What attracted you to give time to be part of the One Democratic State Campaign (ODSC)?

It feels urgent, even though I know we have a long way to go. I started being active in the campaign during a series of coronavirus lockdowns, when I had few or no childcare options. I scrambled to find a way to attend virtual meetings and do volunteer tasks. I really appreciated encountering like-minded people of tremendous integrity who shared the vision of a just future, devoid of ethnic or religious domination, and who were ready to do the slow, long-term work of making it a reality.

How have you found explaining this position to your fellow Israeli Jews?

So many Israeli Jews have negative views of Palestinians, fed by decades of separation and fearmongering by the Israeli government. Many Israeli Jews believe that they won’t be safe unless they are part of a Jewish-dominated political entity. I try to meet people where they are. So if someone opposes a single democratic state because they fear Palestinians, I try to engage their fears, with respect and curiosity, rather than try to persuade them to support my political vision, because that’s not where they are.

Do you feel that the demonstrations against Netanyahu’s policies in governing Israel, especially during Covid-19, has made civil society more open to change in working for a more just and inclusive democratic society?

I think that Netanyahu’s policies are making it harder for liberal Zionists to continue to support ethnic partition.

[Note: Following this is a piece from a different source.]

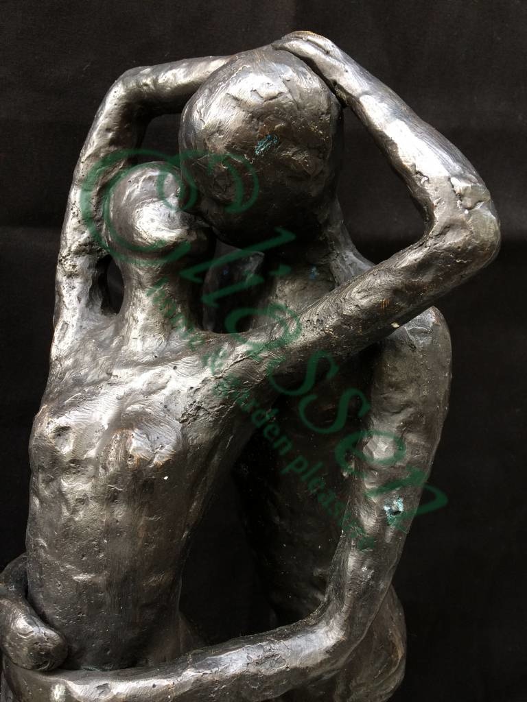 Mooi beeld van een zoenend liefdespaar van hoogwaardig brons met een minimale kopergehalte van 75% waardoor een zeer lange levensduur gegarandeerd is.

I know many Israelis who have struggled with the so-called balance between Israel’s character as a Jewish and democratic state. The further the Israeli government slides away from democracy, the harder it is to ignore that a state that claims to be democratic cannot privilege one ethnic group over another. So there is a tiny sliver of Israeli society who would be more open to working for democracy and inclusion. But many people are now supporting right wing leader Naftali Bennet, who supports annexing the West Bank, because he seems to have better policy proposals for managing COVID-19.

As there still is a long way to go with Israeli society, what strategies are you working on as you progress the work of the ODSC?

I think we are struggling with organization – how to mobilize people, how to communicate and coordinate – especially with pandemic-related restrictions on meeting in person. We would like to transform the campaign into a movement, but we need to build more capacity.

What is the final message that you would like to leave with those who campaign for a just and sustainable solution for those who live in historic Palestine?

This is a marathon, not a sprint. If we are smart, we will create our objectives and strategies based on where we are now, even if it’s not as far along as we would like to be. We need to be patient but also doggedly tenacious.


Sari Bashi’s book, ‘Maqlouba’, is a love story about the occupation. It will be published in Hebrew by an Israeli publishing house called Asia in 2021. Hopefully, it will then be translated into English.